Culture

How to Watch Google’s Incredible Georges Méliès VR Experience On Your Phone

The search engine has teamed up with The Cinémathèque Française.

by Mike Brown
YouTube

Google took the wraps off its first virtual reality homepage doodle on Thursday, celebrating the life and work of famed French film director Georges Méliès. The unveiling marks the 106th anniversary of the release of “À la conquête du pôle” — known in English as “The Conquest of the Pole” — and pays tribute to the groundbreaking techniques that propelled Méliès to legendary status.

“Méliès’ contribution to the seventh art was revolutionary,” Laurent Manonni, director of heritage at The Cinémathèque Française that partnered with Google on the project, said in a statement. “In a time when cinematography was nascent and almost exclusively documentary-style, Méliès single-handedly opened the doors of the dream, the magic, and the fiction.”

Born in 1861 in Paris, Méliès first helped out in the family shoe business before buying the Théâtre Robert-Houdin to explore his love of magic and stage theatrics. In 1895, the Lumière brothers held a demonstration of their Cinematographe film camera. Méliès was captivated, and got to work finding his own.

Between the years of 1899 and 1912, Méliès made over 400 films.
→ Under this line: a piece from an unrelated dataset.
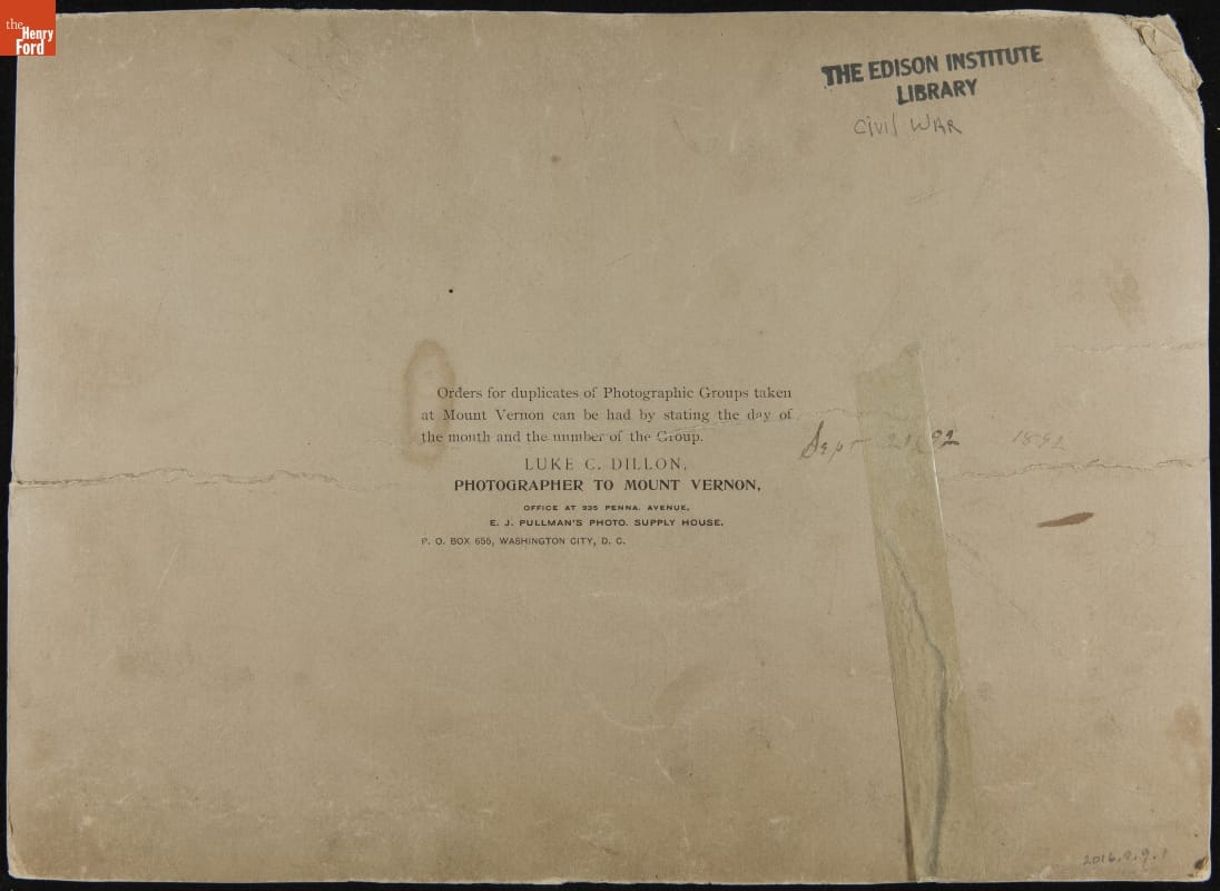printed on back: Orders for duplicates of Photographic Groups taken / at Mount Vernon can be had by stating the day of / the month and the number of the Group. / LUKE C. DILLON, / PHOTOGRAPHER TO MOUNT VERNON, / OFFICE AT 935 PENNA. AVENUE, / E. J. PULLMAN'S PHOTO. SUPPLY HOUSE. / P. O. BOX 655, WASHINGTON, D. C. handwritten on back: Sept 21, 92

He used his magician’s background to develop illusions like stop motion, fading out, slow motion and double exposure. His whimsical films brought a sense of charm to the nascent medium: one of his most famous films, “Le Voyage dans la lune” (“A Trip to the Moon”), sees a group of explorers shoot themselves to the moon in a capsule launched with a cannon. It’s enough to make modern-day space explorers like Jeff Bezos inspired.

Unfortunately, Méliès was left behind by an industry shifting to more commercial enterprises. He was pushed out of the filmmaking business by 1913, and he died in 1938 with little money to his name.
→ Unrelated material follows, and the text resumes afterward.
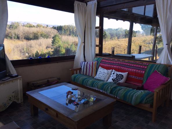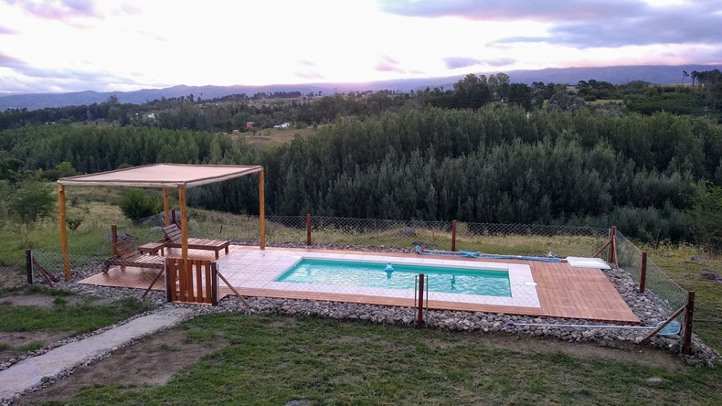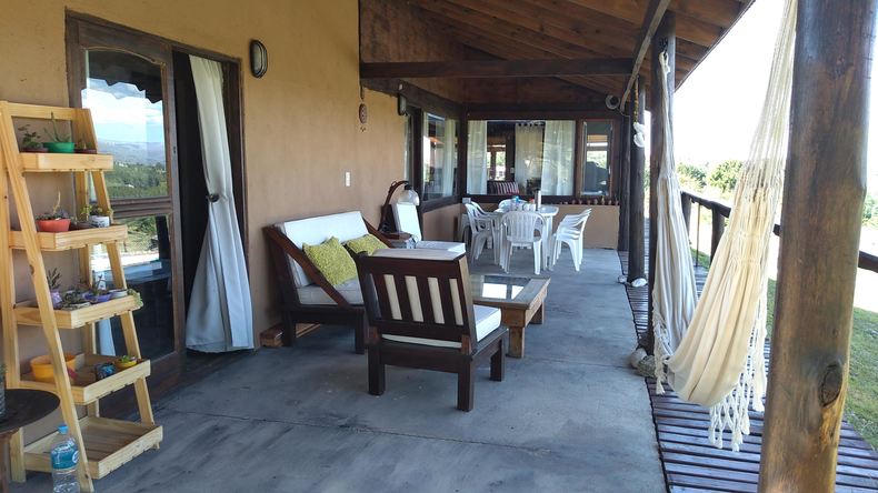 Gran Cabaña con Vista a las Montañas y al Champaqui , 180 m2 de 3 dormitorios para 8 / 10 personas sobre un inmenso lote de casi 1 hectarea , Gran galería con vista a las montañas con deck . . Podes tomar un vermouth o hacer un branch al aire libre sobre el mirador del deck , apreciando la naturaleza en su màxima expresiòn. En el living tenes un inmenso ventanal de 2 pisos que mira a todos lados , te vas a sorprender , con una vista y tranquilidad ùnicas !! 1 dormitorio grande con baño en suite , otro dormitorio con baño completo , 1 Amplio entrepiso tipo loft de 24 m2 o 3º dormitorio con cama matrimonial y cama de una plaza y otra plegable , Amplia cocina con mesa comedor y living con futon que se convierte en cama de 2 plazas . Cuarto de depòsito . Todos los ambientes con pisos ceramicos y zocalos de madera ..Amplio garage para 2 autos , parrilla con fogonero y disco de arado .

Around 80 years later, Google has used the latest storytelling technology to explain how Méliès pulled off some of his best tricks. The virtual reality tour looks at some of his brilliant techniques, like this one from “Le Voyage dans la lune,” where he would stop the camera and have the character walk out before resuming.

Méliès' version of the illusion.

Google

The Google version of the illusion.

Google

How to View the Virtual Reality Experience

  • Download the Google Spotlight Stories app. There are free version available for Android from the Google Play Store and the iPhone from the App Store.
  • Open the app.
  • Go to “Back to the Moon” and tap the “download” button. The download should use around 300 megabytes.
  • If you have one available, slot your phone into a headset like Google Cardboard or Daydream for a makeshift virtual reality theater.
  • When it’s finished downloading, press play to get started.
  • Don’t have a smartphone handy? You can watch the video and move around with the mouse on the YouTube version, but you’ll lack the immersive aspects.

It’s not the first time Google has paid tribute to a legendary filmmaker. The company previously produced a doodle to commemorate Sergei Eisenstein.